NTU serving up new undergrad course on meat alternatives

Apart from biotech aspects, it will delve into market opportunities, consumer response

Commercial interest in the novel foods space has grown around the world. Last December, Singapore became the first country to approve the sale of a cultured meat product - chicken bites by Californian firm Eat Just.
Commercial interest in the novel foods space has grown around the world.
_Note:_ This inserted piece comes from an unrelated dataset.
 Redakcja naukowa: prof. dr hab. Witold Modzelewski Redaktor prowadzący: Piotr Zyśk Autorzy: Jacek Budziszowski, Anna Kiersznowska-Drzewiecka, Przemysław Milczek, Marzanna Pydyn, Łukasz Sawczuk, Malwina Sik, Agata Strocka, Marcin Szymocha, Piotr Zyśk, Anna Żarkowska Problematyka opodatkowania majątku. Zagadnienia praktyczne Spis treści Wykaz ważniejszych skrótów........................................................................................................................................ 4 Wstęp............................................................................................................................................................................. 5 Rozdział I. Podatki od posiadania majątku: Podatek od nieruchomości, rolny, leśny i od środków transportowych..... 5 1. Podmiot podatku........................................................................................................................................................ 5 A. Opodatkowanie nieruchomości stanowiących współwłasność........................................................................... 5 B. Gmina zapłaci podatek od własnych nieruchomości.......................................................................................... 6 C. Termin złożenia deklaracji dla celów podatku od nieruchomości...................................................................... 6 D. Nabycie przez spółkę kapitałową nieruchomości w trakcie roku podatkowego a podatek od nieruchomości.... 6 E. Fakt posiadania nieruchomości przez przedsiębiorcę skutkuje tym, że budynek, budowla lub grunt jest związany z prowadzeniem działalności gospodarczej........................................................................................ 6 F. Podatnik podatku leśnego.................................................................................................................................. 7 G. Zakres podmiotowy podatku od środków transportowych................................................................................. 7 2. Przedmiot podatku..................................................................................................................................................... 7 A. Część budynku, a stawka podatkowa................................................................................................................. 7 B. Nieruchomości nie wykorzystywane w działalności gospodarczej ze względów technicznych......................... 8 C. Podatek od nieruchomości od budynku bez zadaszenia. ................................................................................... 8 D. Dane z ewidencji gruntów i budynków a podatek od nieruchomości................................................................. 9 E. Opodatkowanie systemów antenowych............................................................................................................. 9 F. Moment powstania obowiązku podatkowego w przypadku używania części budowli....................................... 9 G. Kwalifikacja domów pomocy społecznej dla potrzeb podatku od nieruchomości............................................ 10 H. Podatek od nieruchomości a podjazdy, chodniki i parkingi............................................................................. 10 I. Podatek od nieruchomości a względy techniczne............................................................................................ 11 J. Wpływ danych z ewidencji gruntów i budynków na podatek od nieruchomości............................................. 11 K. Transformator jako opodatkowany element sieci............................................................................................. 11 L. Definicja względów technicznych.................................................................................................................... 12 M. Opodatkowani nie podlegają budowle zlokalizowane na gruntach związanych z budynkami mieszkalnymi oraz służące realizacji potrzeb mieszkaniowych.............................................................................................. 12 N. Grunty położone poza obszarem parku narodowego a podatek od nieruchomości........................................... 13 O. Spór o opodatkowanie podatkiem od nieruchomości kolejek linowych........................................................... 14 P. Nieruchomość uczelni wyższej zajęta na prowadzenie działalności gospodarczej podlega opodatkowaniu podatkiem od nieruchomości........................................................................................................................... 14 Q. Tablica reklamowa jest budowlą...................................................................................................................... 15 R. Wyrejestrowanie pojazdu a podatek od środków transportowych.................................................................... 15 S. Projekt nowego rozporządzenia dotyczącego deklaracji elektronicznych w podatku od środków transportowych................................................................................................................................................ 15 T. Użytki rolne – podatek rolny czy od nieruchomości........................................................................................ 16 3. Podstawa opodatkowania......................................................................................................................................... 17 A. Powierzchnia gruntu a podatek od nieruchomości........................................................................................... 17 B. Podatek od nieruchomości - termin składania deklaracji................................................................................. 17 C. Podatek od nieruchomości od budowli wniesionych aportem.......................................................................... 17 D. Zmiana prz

Last December, Singapore became the first country to approve the sale of a cultured meat product - chicken bites by Californian firm Eat Just.PHOTO: EAT JUST

Singapore is beefing up its expertise in the novel food sector, with Nanyang Technological University (NTU) rolling out a new undergraduate course that will focus on meat alternatives, The Straits Times has learnt.

About 30 students from the university's food science and technology programme are expected to enrol in the course, Future Foods - Introduction to Advanced Meat Alternatives, when the academic year opens in August.
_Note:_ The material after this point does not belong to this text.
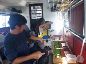 ・午前10時ぐらいまではいい感じで釣れていました。雨が降りはじめやや風が吹き始めてからは群れの入りはやや悪くなりました。明日も出船予定!

Depending on the level of interest, the university will consider opening up the course to more students in other degree programmes, said Professor William Chen, director of NTU's food science and technology programme.

He is coordinating the course in collaboration with The Good Food Institute (GFI), an international non-profit organisation that promotes alternatives to conventional meat products.

Such alternatives include plant-based proteins, such as Impossible's plant-based beef products, or cultivated meat, made from culturing animal cells in a bioreactor.

This culture process, which entails retrieving animal cells through methods such as biopsies, and then multiplying them in bioreactors, avoids having to slaughter animals for meat.

Tissue engineering can then be conducted on these cultured cells so the final product more closely resembles cuts of meat such as steak or pork chops.

Prof Chen, who is a consultant to the Asian Development Bank on food security matters including novel foods, said that while the processes of cell culture or tissue engineering have been used in other areas of research or biomedical applications, they may apply differently when used to make food.

Students enrolled in the course will learn about the scientific principles, methodology and applications of cultivated meat, plant-based meat and fermentation technologies used in food production, Prof Chen said.

But the curriculum will go beyond the biotechnological aspects, he added.

Students will also learn about market opportunities and challenges in the novel foods sector, study consumer response to alternative meat products, as well as the regulatory environment and opportunities for alternative proteins in Singapore, he said.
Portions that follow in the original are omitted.